[[ Exercise materials, beginning ]]

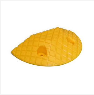
Yellow End Cap - Speed Hump Bulldog™
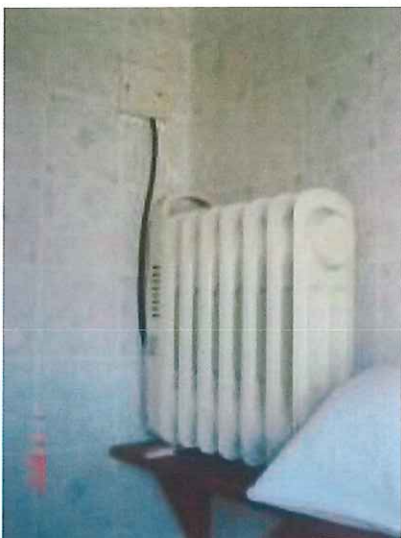
Bathroom-electric radiator PHOTO 33.
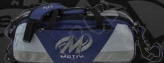
ITEM NUMBER: MTVG3BXNV
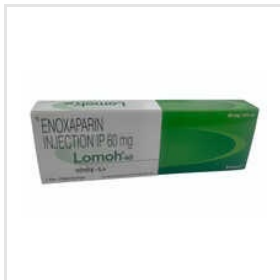
60mg Exoxaparin Injection IP
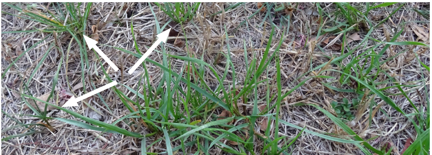
Recruited perennial ryegrass seedlings in amongst established plants.
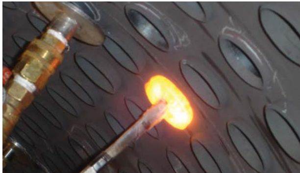
Induction heating permits the selective, rapid, concentrated, local heating of metal without damaging the tube seat or affecting the surrounding material grain structure.

The induction hardware consists of a high frequency power unit, an induction heating coil, an output-matching transformer, a remote on-off switch, interconnecting coaxial cables and cooling water hoses, and an auxiliary water cooling unit.
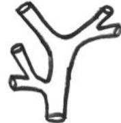
Supplementary Figure 1 Illustration of intra-hepatic bile duct variants according to Huang classification. A: Type A1; B: Type A2; C: Type A3; D: Type A4; E: Type A5.
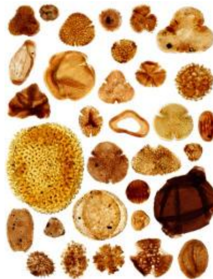
These are transmitted light microscopy photos of several pollen and spore taxa from the Paleocene-Eocene Thermal Maximum.

cores and outcrops from Colombia and Venezuela formed before, during and after an abrupt global warming event called the Paleocene-Eocene Thermal Maximum that occurred 56.3 million years ago. The world warmed by 3-5 degrees C. Carbon dioxide levels doubled in only 10,000 years. Warm conditions lasted for the next 200,000 years.

[[ Exercise materials, end ]]

What is required:
What is needed is an exact copy of the data, with the pictures removed.

Result of this task:
Yellow End Cap - Speed Hump Bulldog™
Bathroom-electric radiator PHOTO 33.
ITEM NUMBER: MTVG3BXNV
60mg Exoxaparin Injection IP
Recruited perennial ryegrass seedlings in amongst established plants.
Induction heating permits the selective, rapid, concentrated, local heating of metal without damaging the tube seat or affecting the surrounding material grain structure.

The induction hardware consists of a high frequency power unit, an induction heating coil, an output-matching transformer, a remote on-off switch, interconnecting coaxial cables and cooling water hoses, and an auxiliary water cooling unit.
Supplementary Figure 1 Illustration of intra-hepatic bile duct variants according to Huang classification. A: Type A1; B: Type A2; C: Type A3; D: Type A4; E: Type A5.
These are transmitted light microscopy photos of several pollen and spore taxa from the Paleocene-Eocene Thermal Maximum.

cores and outcrops from Colombia and Venezuela formed before, during and after an abrupt global warming event called the Paleocene-Eocene Thermal Maximum that occurred 56.3 million years ago. The world warmed by 3-5 degrees C. Carbon dioxide levels doubled in only 10,000 years. Warm conditions lasted for the next 200,000 years.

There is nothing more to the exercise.